Wikipedia's Tagalog page gives a few basic phrases with pronunciation, including:

No: _hindî_ [hɪnˈdɛʔ] (*hin-DEH*)
I don't understand: _Hindî ko maintindihan_ [hɪnˈdiː ko mɐʔɪnˌtɪndiˈhan] (*hin-DEE* koh ma-in-TIN-dih-HAN)

I was wondering about the two different pronunciations given for _hindî_... Is it pronounced (a) "hin-DEH" when used as the stand-alone equivalent of the English "no" and (b) "hin-DEE" when used as the equivalent of the English "not" in a longer phrase?  If not, then what's the distinction above?


----------



## Outsider

Or the transcription could be wrong...


----------



## MarcB

*hin-DEH is the most common  way. hin-DEE* shows emphasis but natives can give you more info.


----------



## Qcumber

MarcB said:


> *hin-DEH is the most common way. hin-DEE* shows emphasis but natives can give you more info.


I am not a native, but I know the answer.
*Hindî* is pronounced [hIn'dI?] in isolation.

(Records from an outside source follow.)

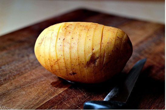 1.- Toma una papa grande y hazle cortes sin llenar al fondo
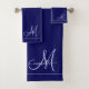 Juego de toallas de baño azul marino monograma inicial con guión lilac pálido elegante personalizado. Refresca la decoración del baño con un estilo tipográfico minimalista.
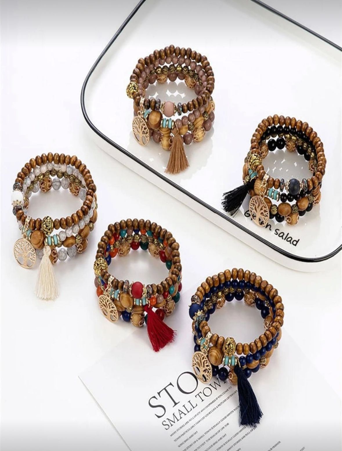 These boho-inspired bracelets feature a mix of natural wood, marble, and gold-tone beads. โจ Each stack is adorned with a tassel and a symbolic tree of life charm.๐ชถ Designed to embody balance, grounding, and positive energy. Perfect for layering and adding earthy elegance to any outfit.๐ซ
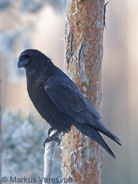 Viikon kuva korppi(Corvus corax) Photo of the week is Raven Anjalankoski, Finland 9.2.2005 Canon 1Ds Mark II+ 300mm(f2.8), 1/160sec. f2.8, 400 asa Viikon kuvassa korppi kerää rohkeutta laskeutua haaskalle.Aurinko on juuri noussut ja värjää pastellisävyin kuvan taustan.
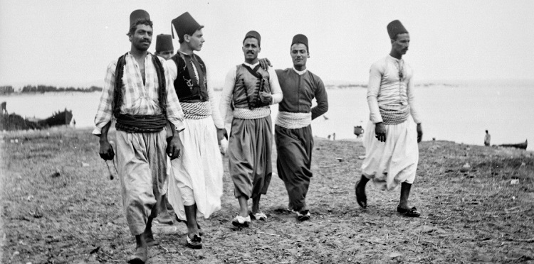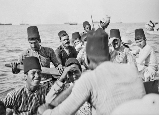 مجموعة من الشبان على شاطئ عكا عام 1891
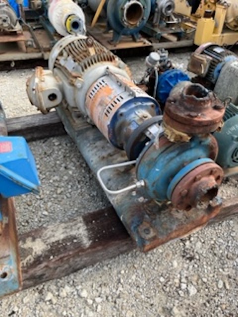 Used horizontal centrifugal pump. Mfg. by Goulds. Model #3196. 500 gpm @ 179' head. Size 4x3x10. DI case, 316 stainless steel impeller. 3600 pump case rpm. With 40 hp motor, 3535 rpm, 230/460 volts.

B( I )B= <i> as in Eng. fit.

Within an utterance, the glottal stop [?] is dropped, and a compensatory lengthening of the vowel takes place, e.g. *Hindî túnay.* [hIn di: 'tu: naj] "It's not genuine."

Some speakers tend to replace the final B( I )B by [e], e.g.
*dáhil *['da:hIl] > ['da:hel]
*hindî* [hIn'dI?] > [hIn'de?]

Except in loan words, _, B( I )B and [e] are allomorphs; all three are the realization of the phoneme /i/.

P.S. Whenever I write I in square brackets, it's changed into i by the system. So I have deleted the brackets wherever necessary and replaced them by B( )B._


----------



## epistolario

albondiga said:


> Wikipedia's Tagalog page gives a few basic phrases with pronunciation, including:
> 
> No: _hindî_ [hɪnˈdɛʔ] (*hin-DEH*)
> I don't understand: _Hindî ko maintindihan_ [hɪnˈdiː ko mɐʔɪnˌtɪndiˈhan] (*hin-DEE* koh ma-in-TIN-dih-HAN)
> 
> I was wondering about the two different pronunciations given for _hindî_... Is it pronounced (a) "hin-DEH" when used as the stand-alone equivalent of the English "no" and (b) "hin-DEE" when used as the equivalent of the English "not" in a longer phrase? If not, then what's the distinction above?


 
Yes, that's how we say it. Except for non-native Tagalog speakers, they tend to mispronounce that. They tend to say hin-DEH ko maintindihan.


----------



## albondiga

Thanks, everyone!


----------